When comparing two URIs to decide if they match or not, a client SHOULD use a case-sensitive octet-by-octet comparison of the entire URIs, with these exceptions:

However, RFC 7230 locks it down further by stating

The scheme and host are case-insensitive and normally provided in lowercase; all other components are compared in a case-sensitive manner.

Those rules typically apply to client side comparisons. There are no rules specifically geared for server side comparisons. Once a server breaks up a URI into its components, it should treat them according to the same rules, but I don't see that enforced in the RFCs. Some web servers, like Apache, do follow the rules. IIS doesn't, for compatibility with Windows' case-insensitive file system.

TrianguloY commented 1 year ago

So, for that reason, a module to change the url case is not a good idea, since it would break most of them. It could change the left part though, but I'm not sure if that's really useful in any case.

Since you mentioned regexp, is there any specific user case you know that may benefit from this feature? Maybe there is a shortener-like service that makes the long urls with different case and so you need to change it when unshortening it?

Murilogs1910 commented 1 year ago

I was actually searching for a way to change the uppercase characters to lowercase in the domain.

It's useful since I could send you a malicious link like https://googIe.com and it would be hard to notice there's an uppercase i instead of a lowercase l. However, if the domain characters were all lowercase, it would be easier to determine that's a fake website.

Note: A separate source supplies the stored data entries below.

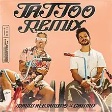 On July 9, 2020, Alejandro released a remix of "Tattoo", with Colombian singer Camilo, as the lead single from his debut studio album Afrodisíaco.[25] It marked the first collaboration between the two singers.[26] Evaluna Montaner and Camilo joined the original version's lyricists to write the remix version.[27] The version features elements of pop and urban,[28][29] and runs for a total of 3 minutes and 42 seconds.[30] It is about falling in love with a girl who has the singers "wrapped around her finger", the way "Camilo is willing to get her name tattooed".[25]
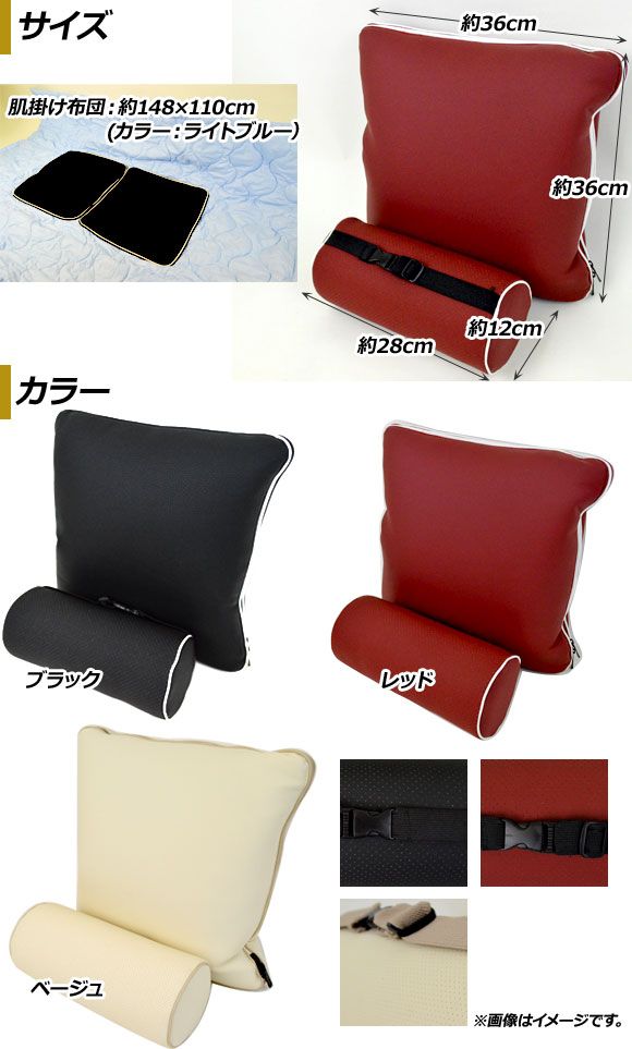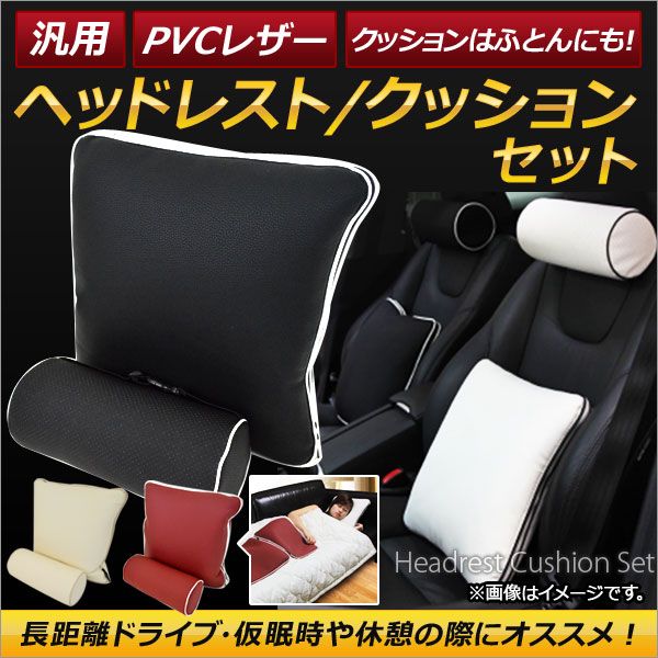 AP ヘッドレスト/クッションセット PVCレザー 汎用 チャックを外すとクッションは肌掛けふとんに! 選べる3カラー AP-AS152 カラー: ブラック レッド ベージュ
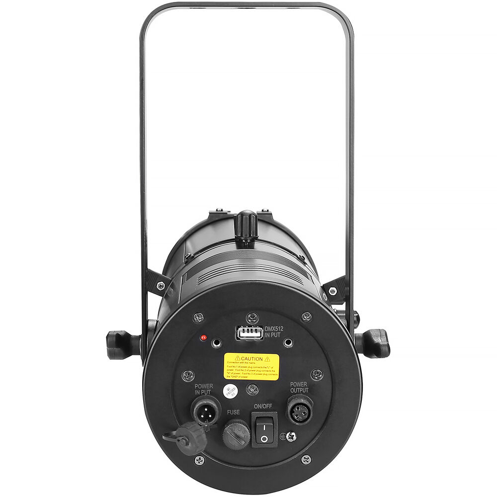 Dimming and strobe are remotely controllable via DMX, and zoom and focus adjustment allow you to tune the light's coverage manually. The included four-flag shutter provides additional light refinement. Included with the fixture is a gel frame for customizing the light's color, a gobo holder for adding light patterns, and a yoke for mounting onto a lighting grid.
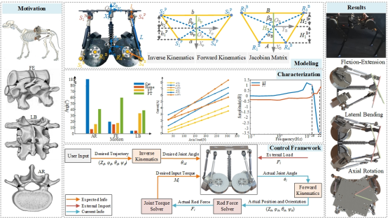 躯干作为动物身体不可或缺的部分,除了为身体提供支撑以外还能展现出多种灵活的运动,目前应用广泛的四足机器人多为刚性躯干,相较四足动物而言这种机器人缺乏结构灵活性和运动多样性。因此,为了使四足机器人具备生物躯干灵活运动的功能,本文基于生物躯干的形态结构和运动原理设计了一个用于四足机器人的主动灵巧仿生躯干,模拟了四足动物的脊柱以及相关肌肉结构,可以实现动物躯干包括弯曲、伸展、侧弯和轴向旋转在内的多种运动,分析了躯干的运动学、工作空间、结构动力学、负载能力以及灵巧性能,还加入了被动弹簧模拟椎间盘的减震和承载。此外,创新的仿生躯干在四足机器人上得到应用,并验证了躯干的灵活性和应用于足式机器人的有效性,为仿生四足机器人的创新发展提供了新的研究思路。
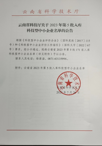 云南省2023年第5批入库科技型中小企业名单公告正文.jpg PICTURE
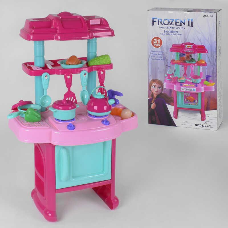 Игрушечная кухня фрозен розовая для девочек плита, посудка 31 аксессуар

It makes even more sense to add this if you consider the pattern checker, by default, checks for non-ascii characters to help recognize websites used for phishing, as explained in the app:

- Warning when contains non-ascii characters like greek letters. This can be used for phishing: googÍe.com vs google.com

TrianguloY commented 1 year ago

That's... a very good reason indeed. According to the standard the domain part of an url is case insensitive, and some apps even translate it to lowercase. It's a shame that java regexp doesn't support case syntax, replacing the domain with a lowercase is a nice addition. I wonder if having it as a special rule in that module could be problematic. A new module just for that seems a bit too much, but with this new information maybe it's worth it.

I'm thinking of a module with two buttons: